Like most range topping cars of the last six decades, homologation specials seem to have created some of the finest cars of all time. UR Quattro, Lancia Stratos, Subaru Impreza 22B, Mercedes CLK GTR, these are just some of the hair raising classics that were born from racing programs.
Taking engineering to the absolute limits, and turning a road ready production car into a race inspired tool for the streets is just awesome, frankly, and this E30 M3 certainly ticks the boxes.
Back in the 1980’s, Mercedes was absolutely dominating the DTM race series, they got their 190E and let Cosworth have a tinker and the results were scintillating. BMW being the arch rivals we know and love them as had to do something about it.
With their E30 3 series platform they realized if they wanted to compete when the rules were simple. Homologate a car and make 5000 of them. Bosses at Munich were pretty unsure about the potential successes of it, and almost accepted they probably wouldn’t sell whatever they came up with, but regardless in a moment of particularly ungermanic intent gave the green light to the project.
Considering this is the company to name their motorsport division ‘M’, this was rather surprising.
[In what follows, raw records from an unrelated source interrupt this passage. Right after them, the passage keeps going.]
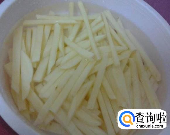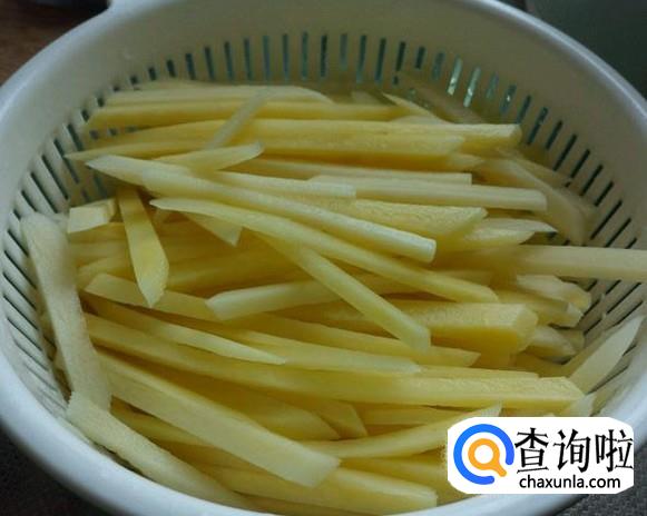 将切好的土豆条放入清水中浸泡一会后捞出沥干水分。
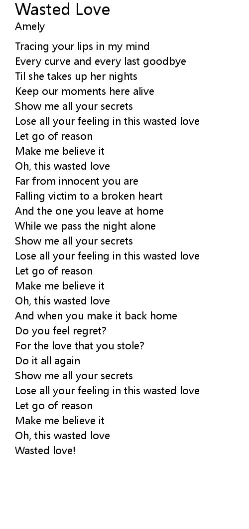 Lose all your feeling in this wasted love |
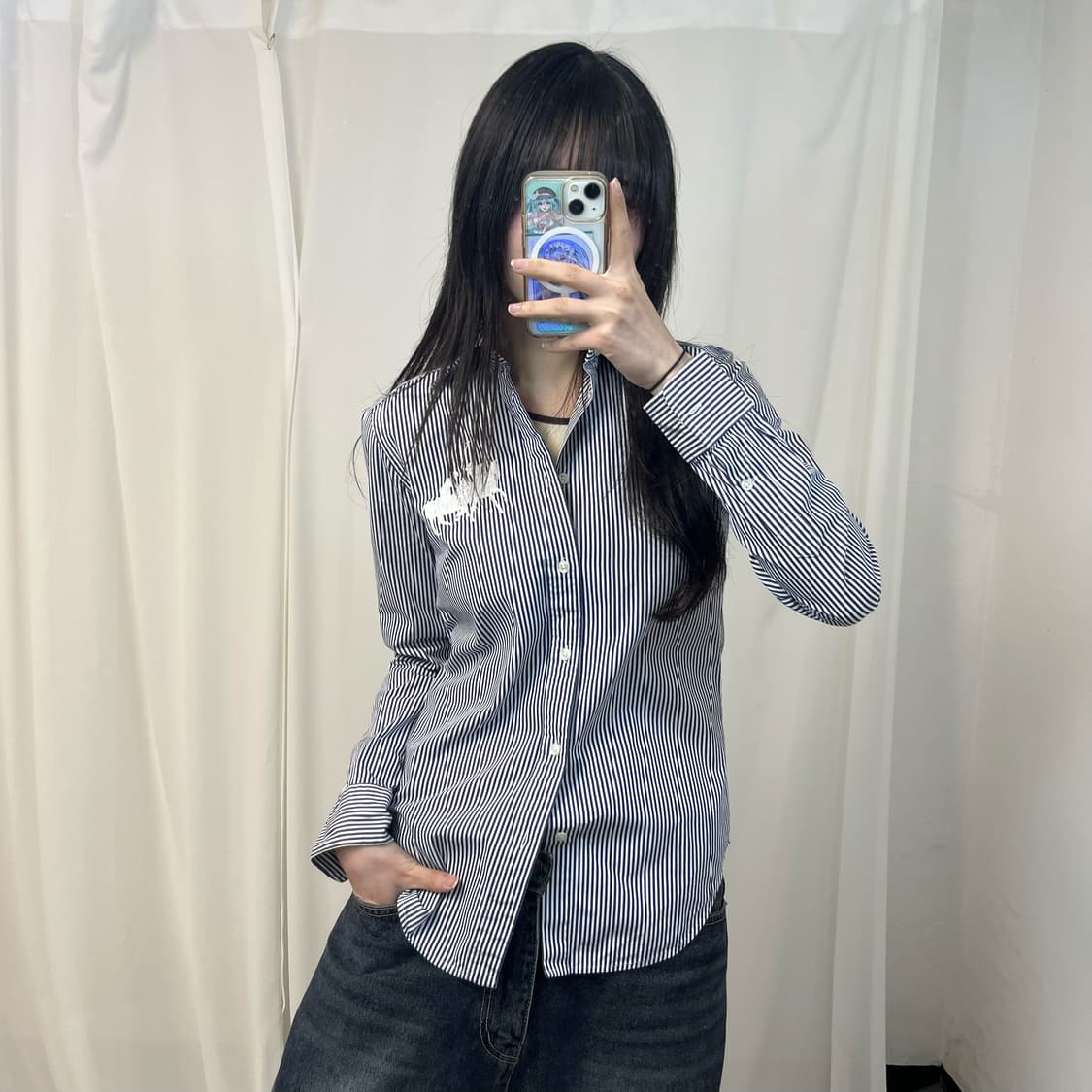 Polo big pony double player stripe shirt ⋆ women 2 / S size ⋆ 어깨 36 가슴 44 총장 61 ⋆ price 25,000 ⋆ model 167 / 48
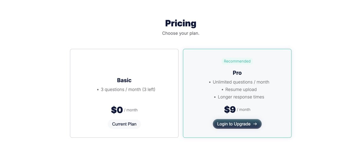 Pro Dashboard: Save sessions, upload your resume for better insights, and review progress (unlimited with paid plan).
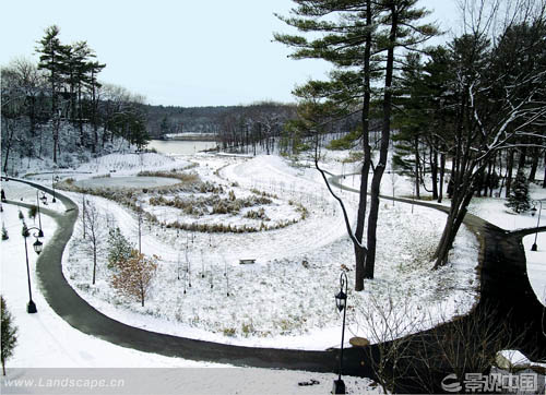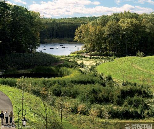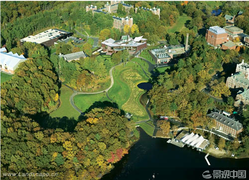 美國(guó)威爾斯利女子學(xué)院校友谷景觀再造工程占地13.5公頃,歷時(shí)七年。該地區(qū)歷史上曾受到污染,景觀復(fù)原的目的就是通過補(bǔ)救性的凈化系統(tǒng)創(chuàng)建具有生態(tài)功能的新景觀。

They took the engine from the M1 supercar but realized it was too bulky for the little E30 chassis, so lopped two cylinders off its bank and created the 2.3-liter inline-four cylinder engine, known by the rest of us as the S14.
The Germans spent just two weeks getting a prototype ready, with a whole host of upgrades added for the production car such as brakes, suspension, and most of the bodywork to add in some gorgeous eighties style box style box flares we all know and love.
The car absolutely dominated at the track, and it’s not hard to see why. With a heritage spanning four decades, we owe many thanks to BMW for leading the segment for so long.
The example here is rather unusual in its alpine white paintwork, along with burgundy leather interior. Details are scant, but with just 47,000 miles on the clock this is particularly low mileage for a car that frequently saw executive ownership back in the day. Aside from the aftermarket alloys that could never replace the iconic BBS originals, we reckon this is an opportunity not to be missed.